As of the first quarter of 2024, central banks collectively hold approximately $12.3 trillion in foreign exchange reserves, alongside an estimated $2.2 trillion in gold reserves. These reserves serve critical functions—facilitating international payments, stabilizing domestic currencies, servicing foreign currency debts, and cushioning economies against external shocks.

In recent years, a notable trend has emerged: central banks, particularly those in emerging economies, have been increasing their gold holdings. When accounting for unreported purchases acknowledged by industry insiders, official gold reserves surpassed the historic peak set in 1965 by the third quarter of 2023. Some nations may underreport their gold reserves to mitigate public criticism during periods of declining gold prices.

Amid this backdrop, a new candidate has entered the arena of reserve assets: Bitcoin. Thus far, El Salvador remains the only central bank to have openly declared Bitcoin as part of its sovereign reserves. As of August 2024, the country held 867 Bitcoin, valued at around $315 million, in addition to $3.1 billion in foreign exchange and gold reserves. Portfolio optimization studies suggest that an optimal allocation to Bitcoin in sovereign reserves may range between 2% and 5%. It is plausible that other nations have already begun incorporating Bitcoin into sovereign wealth funds, which operate under less stringent disclosure requirements than central bank reserves.

This article examines the rationale behind central banks’ growing interest in gold, as highlighted in the World Gold Council’s 2024 survey, and evaluates the extent to which these reasons might also justify holding Bitcoin as a reserve asset.
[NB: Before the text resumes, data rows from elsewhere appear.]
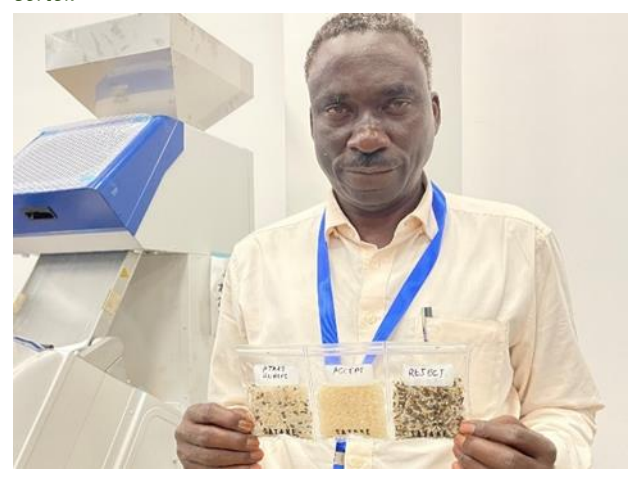
Green coffee beans being sorted by optical sorting machine.

Company: Satake Corporation Website: <a href="https://www.satake-group.com/index.html">https://www.satake-group.com/index.html</a> Website YouTube
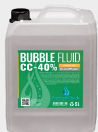
Drums 2,5L – 5L – 10L – 20L 200L -1000L
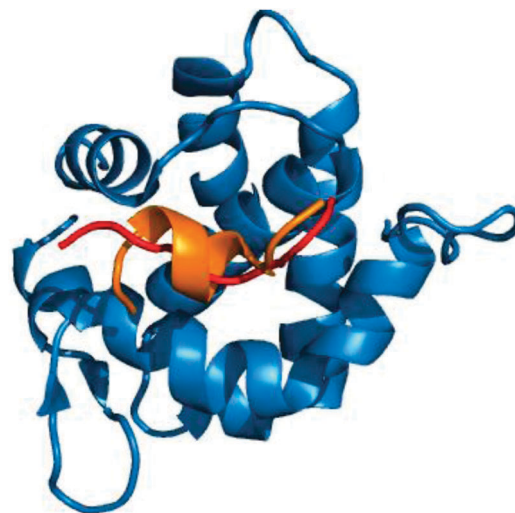
Fig. 6 The interaction of the E1A viral oncoprotein with a retinoblastoma protein is realized via an \alpha -helix and a turn secondary structure element (PDB code: 2r7g).

Owing to the genetic compaction of viruses, the encoded proteins should be involved in multiple functions, e.g. capable of establishing interactions with different partners. This could be facilitated by the underlying conformational heterogeneity of the viral proteins, which allows the ensemble to shift between different conformational states upon responding to different signals. Our results indicate that viral motifs have increased local flexibility or disorder relative to their 20AA flanking regions. We discussed examples for dynamic fuzziness, when the protein interconverts between multiple conformations in the bound state. 5,6 In the case of static fuzziness however, the ID protein folds upon interacting with the partner, but adopts alternative conformations. 5,6 17% of the human virus ELMs are located in ordered regions; these were analyzed for static fuzziness. To this end, we collected the structures of the host-virus complexes of these ELMs and different secondary structure conformations upon targeting the same host protein were identified (Table S5, ESI†). The adenovirus E1A protein interacts with a retinoblastoma
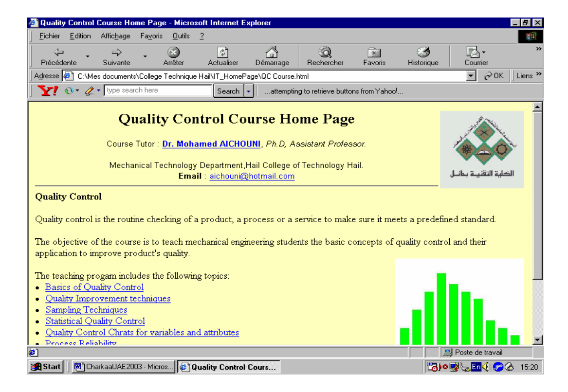
Figure 2 – The web-based Quality Control course home page
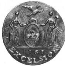
New York State Cent (1787)
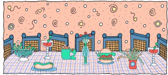
Alien Food Sampler
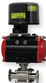
Model QV mounted to an actuator
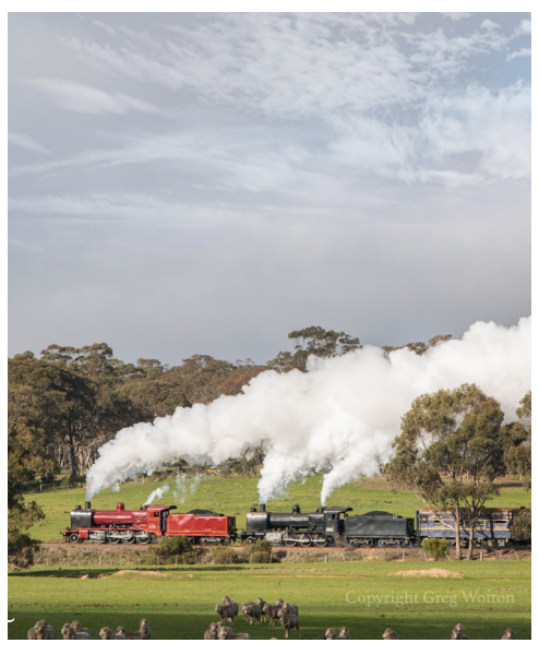
K153 & K190 of 1922 steam 'double headed' through the Victorian countryside. Both locomotives feature as part of this tour.
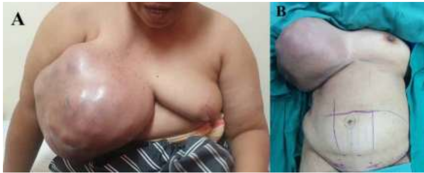
Fig-1: A&B: Pre-operative images
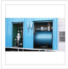
Mobile Steam Generator
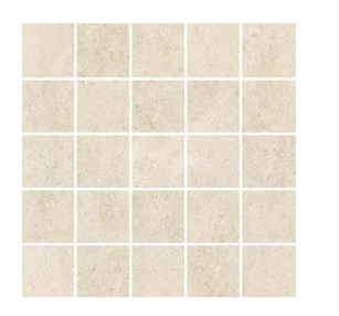
LRV10/M12 Cascade Beige 25pc Mosaic (available in all colors)
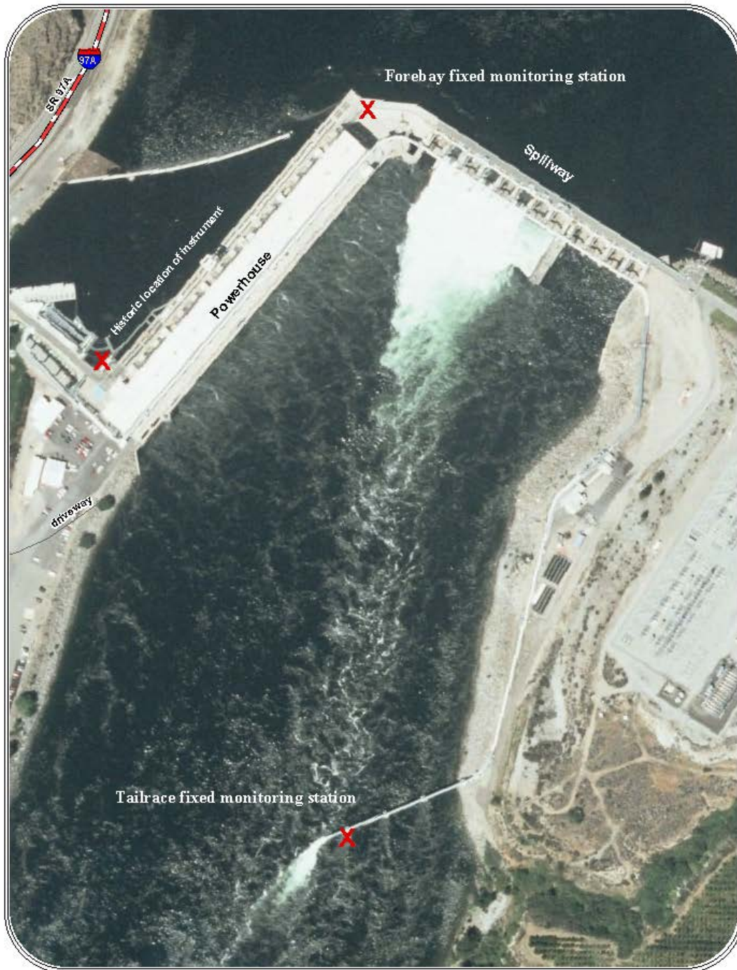
Figure 3-1: Location of forebay fixed monitoring station at Rocky Reach Hydroelectric Project.
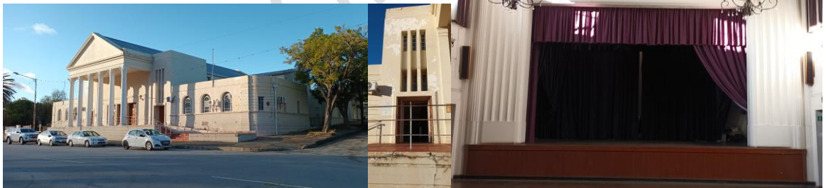
10 11 a 12 Figure 8.2a. KwaNojoli Town Hall, KwaNojoli 13 Photograph by author. 14 b. KwaNojoli, Fasade detail 15 Photograph by author. 16 c. KwaNojoli Town Hall, Proscenium 17 Photograph by author. 18
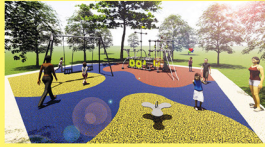
Upgrading of Park and Playground between Blk 243 and 245
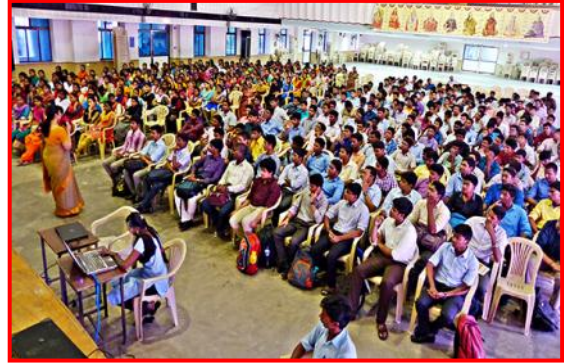
Japanese Language Class introduction session at Meenakshi Sunderarajan Engineering College in progress
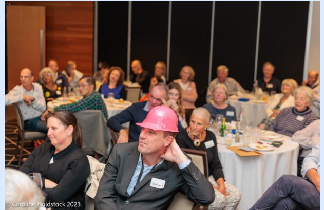
An attentive audience for the awards presentations

We argue that Bitcoin shares certain characteristics with gold and may represent a viable reserve asset for some central banks, focusing particularly on its role as a store of value.
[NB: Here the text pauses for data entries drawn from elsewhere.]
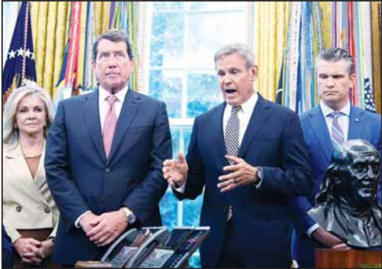
Tennessee Gov Bill Lee speaks as Sen Marsha Blackburn, R-Tenn., (from left), Sen Bill Hagerty, R-Tenn., and Defense Secretary Pete Hegseth listen during a memorandum signing with President Donald Trump in the Oval Office of the White House on Sept 15, in Washington.

vices Committee. It added that “these actions are inherently law enforcement actions that may not be performed by members of the armed forces.” “We remain extremely disturbed about the impacts on readiness of using military personnel to perform what are traditionally Department of Justice functions,” the letter says. The nation’s immigration courts - with a backlog of about 3.5 million cases - have become a key focus of President Donald Trump’s hard-line immigration enforcement efforts. Since Trump returned to office, dozens of immigration judges have been fired, while others have resigned or taken early retirement. The senators’ letter, sent to the offices of the top military lawyers for the four services on Monday, is asking the Pentagon to say where the roughly 600 lawyers will be coming from and for insight into what legal analysis the military has conducted into whether the move would violate the Posse Comitatus Act. That law prevents the military from conducting law enforcement outside of extreme emergencies. A Pentagon memo that described
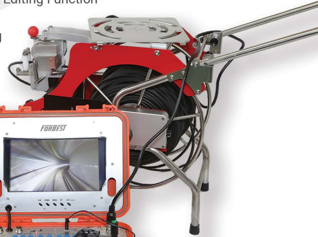
LIGHTWEIGHT CABLE CAR 400ft. (120m) Cable and Footage Counter
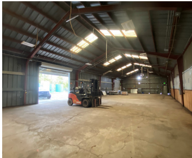
WAREHOUSE A INTERIOR:
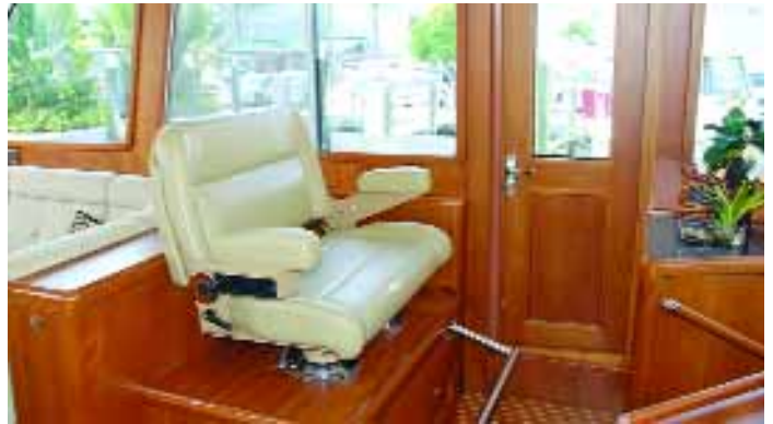
Double Stidd® seat on port side
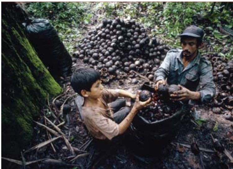
The collection and processing of Brazil nuts is considered by many to be the quintessential sustainable forest enterprise and is the mainstay of many traditional communities.

The Amazon Wilderness Area and the Tropical Andes and Cerrado hotspots provide ecosystem services to the world via their biodiversity, their carbon stocks, and their water resources. It is difficult to estimate the economic value of these resources due to their intangible nature and the tendency of traditional economists to discount goods and services that cannot be monetized in a traditional market (Costanza et al. 1997). One method of valuating ecosystem services is to estimate their replacement costs; simply put, how much would it cost human society to replace those good and services or, if they are irreplaceable, how much wealth has been lost? (Balmford et al. 2002). Regardless of how difficult it is to measure precisely, there is overwhelming agreement that ecosystem services are extremely valuable to society at global and continental scales alike, although market mechanisms and human nature tend to discount or even disregard that value when individual decisions are made at the local scale (Andersen 1997). The growing concern over global climate change and biodiversity extinction has stimulated efforts to estimate the value of ecosystem services and to create mechanisms whereby communities that choose to conserve natural habitats are compensated by other communities that enjoy the benefits of those services (Turner et al. 2003).
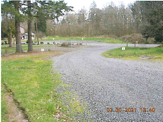
Six Dees Lane looking south towards Columbia Blvd.

A Building Permit (No. 749-15076) was approved to construct a new detached single-family dwelling on the portion of the lot which is already within City limits. As part of the development of the detached single-family dwelling (and connection to City utilities), the applicant is required to annex the remainder of the property into City limits.
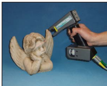
COBRA scanning wand
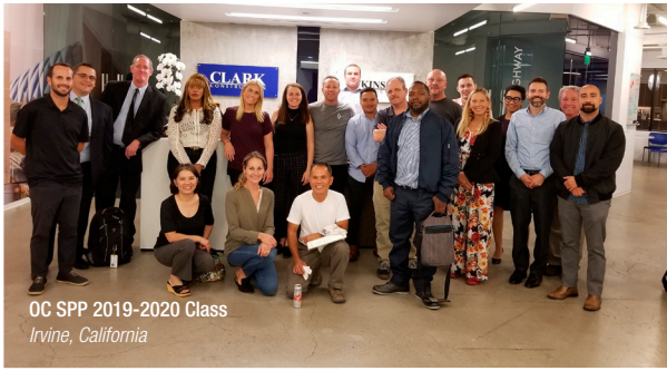
OC SPP 2019-2020 Class Irvine, California
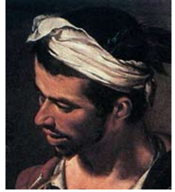
2) Ecco Homo 1605
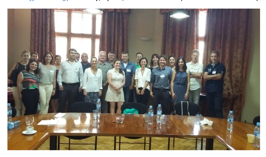
1<sup>st</sup> BIOSEA meeting, in El Puerto de Santa Maria, Spain, CTAQUA facilities (20-21<sup>st</sup> of February 2018)

Kick-off meeting, in Alcoy, Spain, AITEX facilities (21-22<sup>nd</sup> of June 2017)
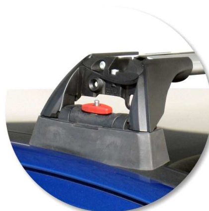
With leg cover removed

The Historical Context of Reserve Assets

Satoshi Nakamoto’s 2008 whitepaper introduced Bitcoin to the world, but its conceptual origins can be traced back to the Industrial Revolution. The advent of electricity transformed economic production, and today, electricity consumption is so integral to global output that researchers sometimes use satellite measurements of nighttime light intensity as a proxy for economic activity.

Traditional hard assets like gold require extensive physical labor for mining, refining, verification, and transfer. Gold’s divisibility and chemical durability allow it to be minted into standardized denominations, serving as a long-term store of value.

The Industrial Revolution introduced a new paradigm: the generation and verification of monetary value through electricity consumption rather than physical labor. Bitcoin embodies this shift—its mining process consumes electricity to generate new units and validate transactions.

A critical innovation of Bitcoin is its solution to counterfeiting, a persistent issue with physical gold. Bitcoin is self-verifying; the electricity used in mining also secures the public ledger that records all transactions. While any proof-of-work cryptocurrency could claim similar attributes, Bitcoin’s legitimacy stems from its originality—much as gold’s historical role as money distinguishes it from similar metals like platinum.

Performance During Economic Crises

A key attribute of any reserve asset is its ability to act as a hedge, providing positive returns when other assets falter. For instance, the U.S. dollar often appreciates during turmoil due to its “safe-haven” effect.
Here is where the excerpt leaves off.